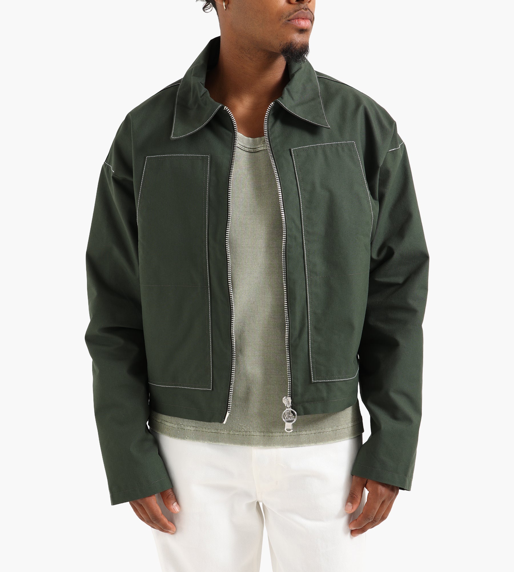 The Utility Jacket in Green Ecru blends rugged functionality with casual style. Designed with durable materials and practical details, it’s perfect for everyday wear and outdoor adventures alike.
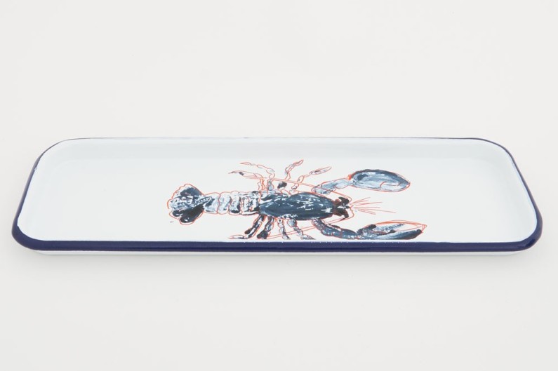 Bandeja em metal esmaltado branco, com lagosta estampada.
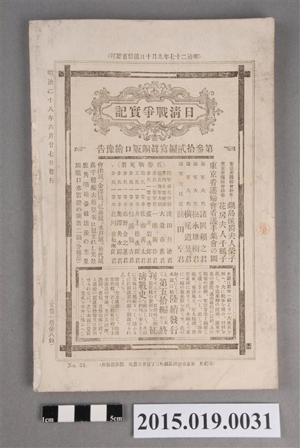 本編為此系列之第31編,本版為初版。每月發行三回,費用為1錢5厘,第21-50編封面皆相同。封面有:本編起記事面目一新,五十編完結。內容有:口繪(圖版)、廣告、戰爭實記(臺灣接受完畢、臺灣綏撫續記雞籠(基隆)鎮定之書信、臺灣接收別報、正式讓與臺灣)、勳功美談、最近電報(臺灣近事)、戰爭文學、東洋風土(臺灣事情四)、外交史談、海外戰史、軍事叢談、軍人餘譚、戰後經濟、海外評論、國論一斑(臺灣的形勢、臺灣的施政)、海外時事、海內時事。
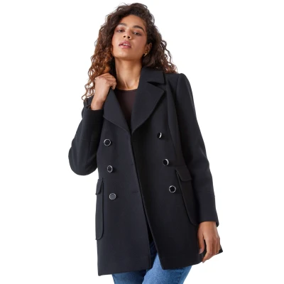 Double Breasted Longline Coat from Roman. No coat collection is complete without a smart, longline style. This double-breasted coat has a smart revere collar and sophisticated full-length sleeves with luxurious folded cuffs. It features practical front flap pockets and striking metallic button fastenings. Designed in a warm longline shape, providing extra coverage for the colder months ahead, this military style coat is cut from a luxurious woven fabric. Perfect for your every day, this coat is ideal for work but equally as stylish over your formal wear for the festive season ahead!
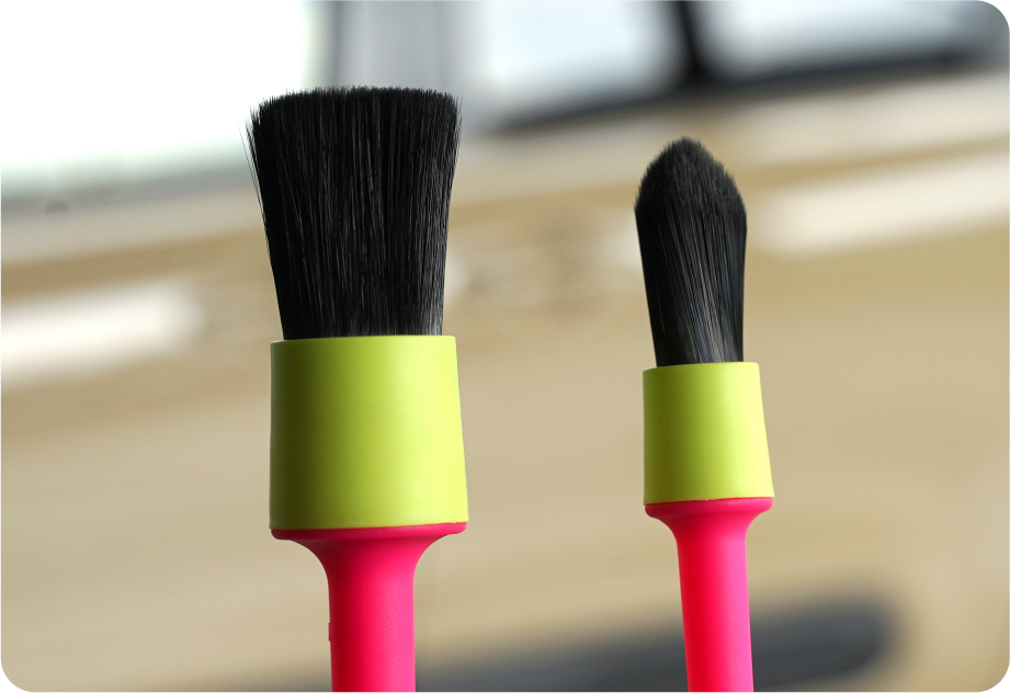 ▲場所によって使い分けられるワイドヘッド(左)とスリムヘッド(右)の2本セット
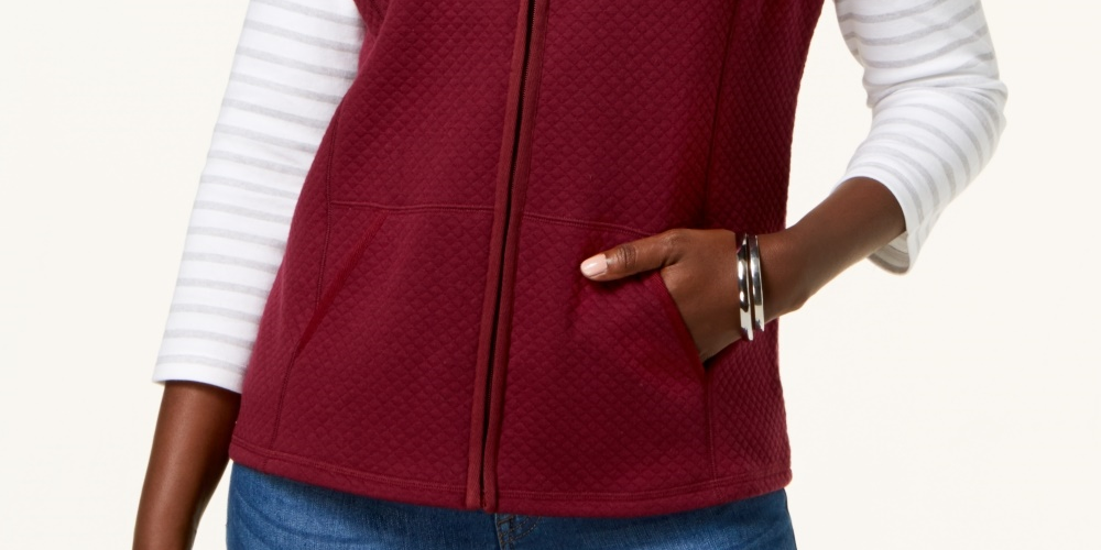 Ask a question about Colete esportivo feminino Karen Scott de lã acolchoada, vermelho, tamanho pequeno

------------------------------------------------------------

- **REQUIREMENT**: What lines above run from the one with "Bandeja em metal" to the one with "本編為此系列之第31編,本版"? Give them again exactly, ends included, and leave the pictures out.

- **TASK ANSWER**:
 Bandeja em metal esmaltado branco, com lagosta estampada.
 本編為此系列之第31編,本版為初版。每月發行三回,費用為1錢5厘,第21-50編封面皆相同。封面有:本編起記事面目一新,五十編完結。內容有:口繪(圖版)、廣告、戰爭實記(臺灣接受完畢、臺灣綏撫續記雞籠(基隆)鎮定之書信、臺灣接收別報、正式讓與臺灣)、勳功美談、最近電報(臺灣近事)、戰爭文學、東洋風土(臺灣事情四)、外交史談、海外戰史、軍事叢談、軍人餘譚、戰後經濟、海外評論、國論一斑(臺灣的形勢、臺灣的施政)、海外時事、海內時事。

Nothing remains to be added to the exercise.